Ситуационное управление есть попытка решить этот кризис апробированным способом: выходом в следующий рефлексивный слой, созданием механизма управления над полем возможных проектных решений (управление проектностью, управление проектными балансами), интегрирование проектов в единую целевую рамку.

Здесь необходимо иметь в виду, что полной аналогии между сценированием и проектированием нет. Во-первых, следующий шаг невозможен: по теореме о метаоператорах метаоператор над полем метаоператоров есть метаоператор (сюжет в пространстве сюжетов есть сюжет)[81]. Во-вторых, сценирование заключает в себя не только искусственные сконструированные проекты, но и естественные тренды – сценарий в отличие от проекта представляет собой дуальный объект. В-третьих, сценарий более субъективен, нежели проект.
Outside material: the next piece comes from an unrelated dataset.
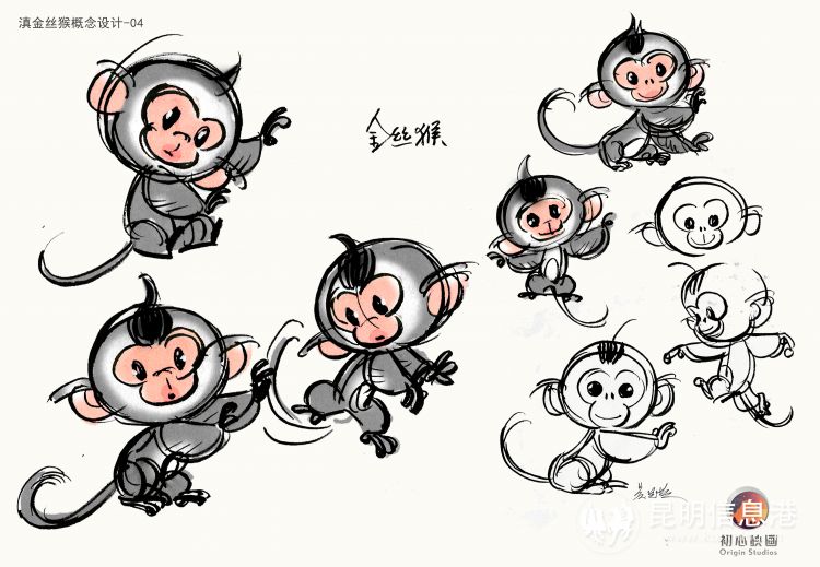 在“塔塔”的形象构造上,两位艺术家匠心独运,设计团队和园区通力合作紧密配合。不同于传统意义上的猴子形象,滇金丝猴外形最大的特点除了它饱满的嘴唇外,就是鼻子和头发了,所以最终的设计归纳就牢牢抓住了这一鲜明特点。虽然国内不乏以小猴子为原型的IP,但典型却不多,塔塔从形象上来讲,真正做到了差异化。

В отличие от проектного мышления, лежащего в плоскости классических представлений о Реальности (коммутирующие алгебры, формальная траектория развития, динамическая задача в формулировке Коши), сценарное мышление имеет квантовую природу (некоммутирующие алгебры, пространство траекторий и интеграл по траекториям, динамическая задача в формулировке Шредингера, соотношение неопределенности).
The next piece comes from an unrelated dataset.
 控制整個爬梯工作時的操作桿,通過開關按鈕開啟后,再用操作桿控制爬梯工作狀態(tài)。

Тем не менее как проектное мышление подразумевает оргпроект и возврат в директивное пространство, так и сценарное мышление требует оргсценария и возврата в проектное пространство.

Формально различные сценарии следует рассматривать как альтернативные версии истории[82], из которых одна выделена тем, что именно с этой версией отождествляет себя Пользователь[83]. Таким образом, хотя ситуационный подход заключается в создании матрицы сценариев, такая матрица не является вполне симметричной. Среди многих сценариев выделяется один Базовый, который Пользователь желает претворить в текущую Реальность.

Не следует считать, что концепция Базового сценария является отказом от метода сценирования в пользу проектной логики. Прежде всего альтернативные сценарии оказывают влияние на Базовый (причем не только в критических «точках ветвления», но и в пределах всего исторического континуума: альтернативная Реальность стремится стать текущей). Далее, логика мышления отнюдь не возвращается к классической – сценирование подразумевает квантовую природу истории. Наконец, управленческое действие заключается не в проектировании (упаковке группы директивных решений в проект), а в выстраивании сюжета (упаковке группы проектов в сценарий).

Отметим, что сценарий сам по себе не конструктивен. Он лишь демонстрирует некоторые потенциальные возможности ситуации и может восприниматься как сложная рефлективная игра над полем исторических вероятностей.

Будем называть сценированием систему мыследеятельности, содержащую:

• онтологию сценирования, то есть сценарную модель;

• целеполагание (мотивацию) сценирования;

• рамки сценирования;

• технику сценирования;

• пространство сценирования, заданное в форме матрицы сценариев;

• рефлексию сценирования;

• восстановление рамки проектности.

В настоящее время рассматривается два основных подхода к онтологии сценирования: динамический (исторический) и калибровочный (мета-исторический).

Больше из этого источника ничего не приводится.